A computer called a server host 1192 connected to the Internet hosts a process that provides a service in response to information received over the Internet. For example, server host 1192 hosts a process that provides information representing video data for presentation at display 1114. It is contemplated that the components of system can be deployed in various configurations within other computer systems, e.g., host 1182 and server 1192.

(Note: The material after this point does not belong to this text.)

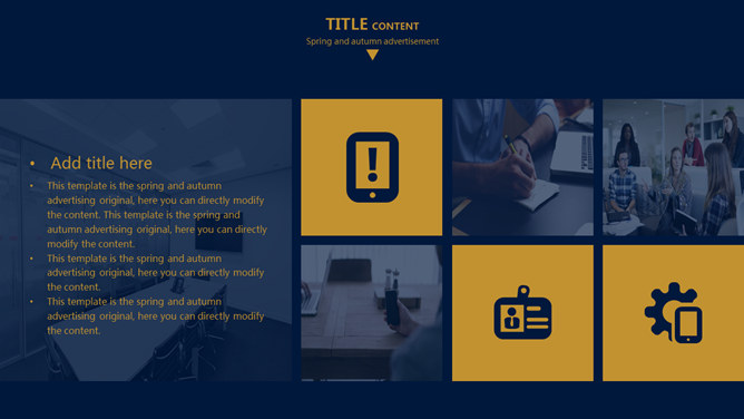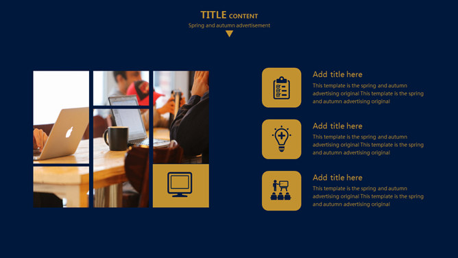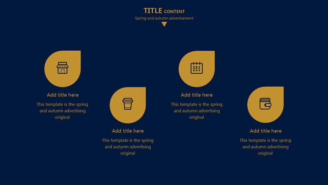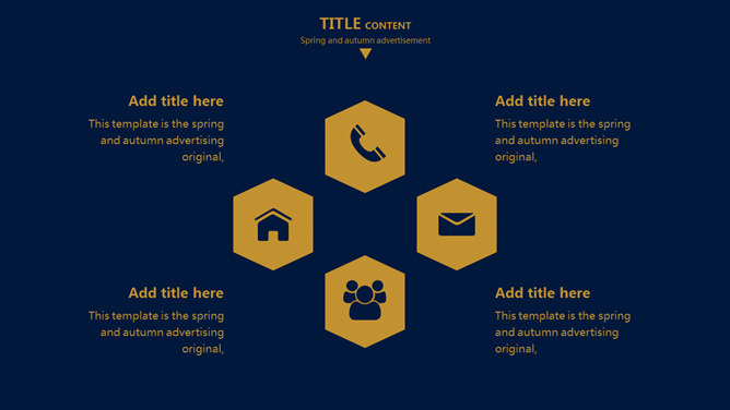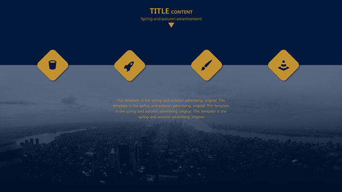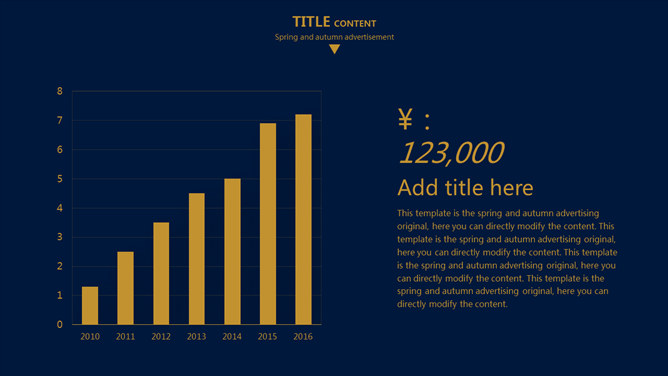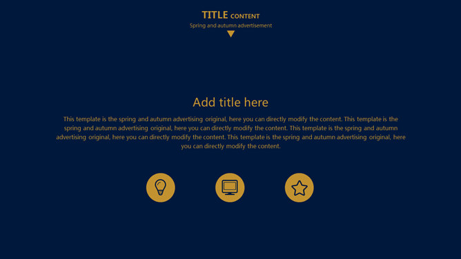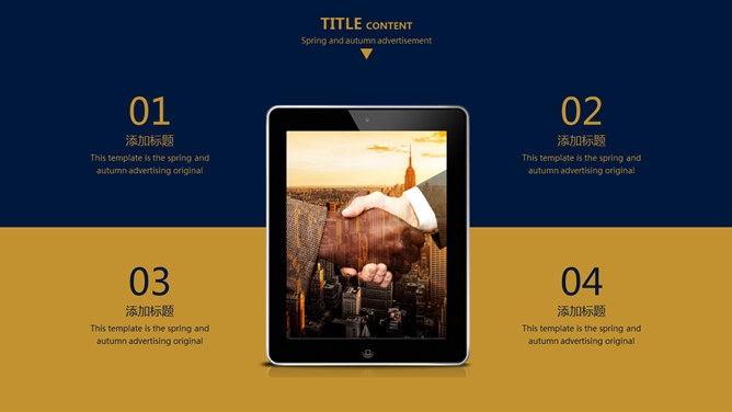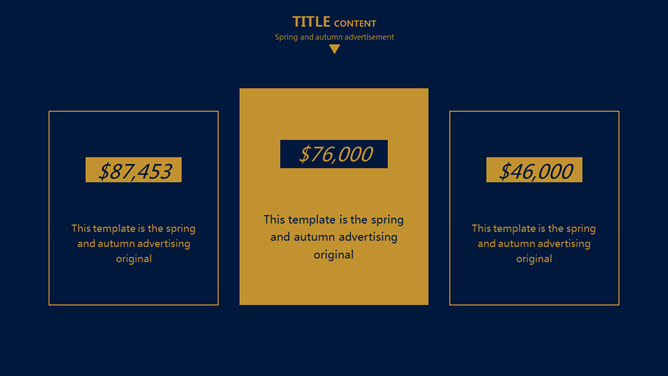 欧美风简约大气商务PPT模板。一套欧美范商务风格幻灯片模板,深蓝金色配色,简约大气,适合商务场合使用。

In one embodiment, the chip set 1200 includes a communication mechanism such as a bus 1201 for passing information among the components of the chip set 1200. A processor 1203 has connectivity to the bus 1201 to execute instructions and process information stored in, for example, a memory 1205. The processor 1203 may include one or more processing cores with each core configured to perform independently. A multi-core processor enables multiprocessing within a single physical package. Examples of a multi-core processor include two, four, eight, or greater numbers of processing cores. Alternatively or in addition, the processor 1203 may include one or more microprocessors configured in tandem via the bus 1201 to enable independent execution of instructions, pipelining, and multithreading. The processor 1203 may also be accompanied with one or more specialized components to perform certain processing functions and tasks such as one or more digital signal processors (DSP) 1207, or one or more application-specific integrated circuits (ASIC) 1209. A DSP 1207 typically is configured to process real-world signals (e.g., sound) in real time independently of the processor 1203. Similarly, an ASIC 1209 can be configured to performed specialized functions not easily performed by a general purposed processor. Other specialized components to aid in performing the inventive functions described herein include one or more field programmable gate arrays (FPGA) (not shown), one or more controllers (not shown), or one or more other special-purpose computer chips.
The processor 1203 and accompanying components have connectivity to the memory 1205 via the bus 1201. The memory 1205 includes both dynamic memory (e.g., RAM, magnetic disk, writable optical disk, etc.) and static memory (e.g., ROM, CD-ROM, etc.) for storing executable instructions that when executed perform the inventive steps described herein to generate semantic 3D abstract representations. The memory 1205 also stores the data associated with or generated by the execution of the inventive steps.
While the invention has been described in connection with a number of embodiments and implementations, the invention is not so limited but covers various obvious modifications and equivalent arrangements, which fall within the purview of the appended claims. Although features of the invention are expressed in certain combinations among the claims, it is contemplated that these features can be arranged in any combination and order.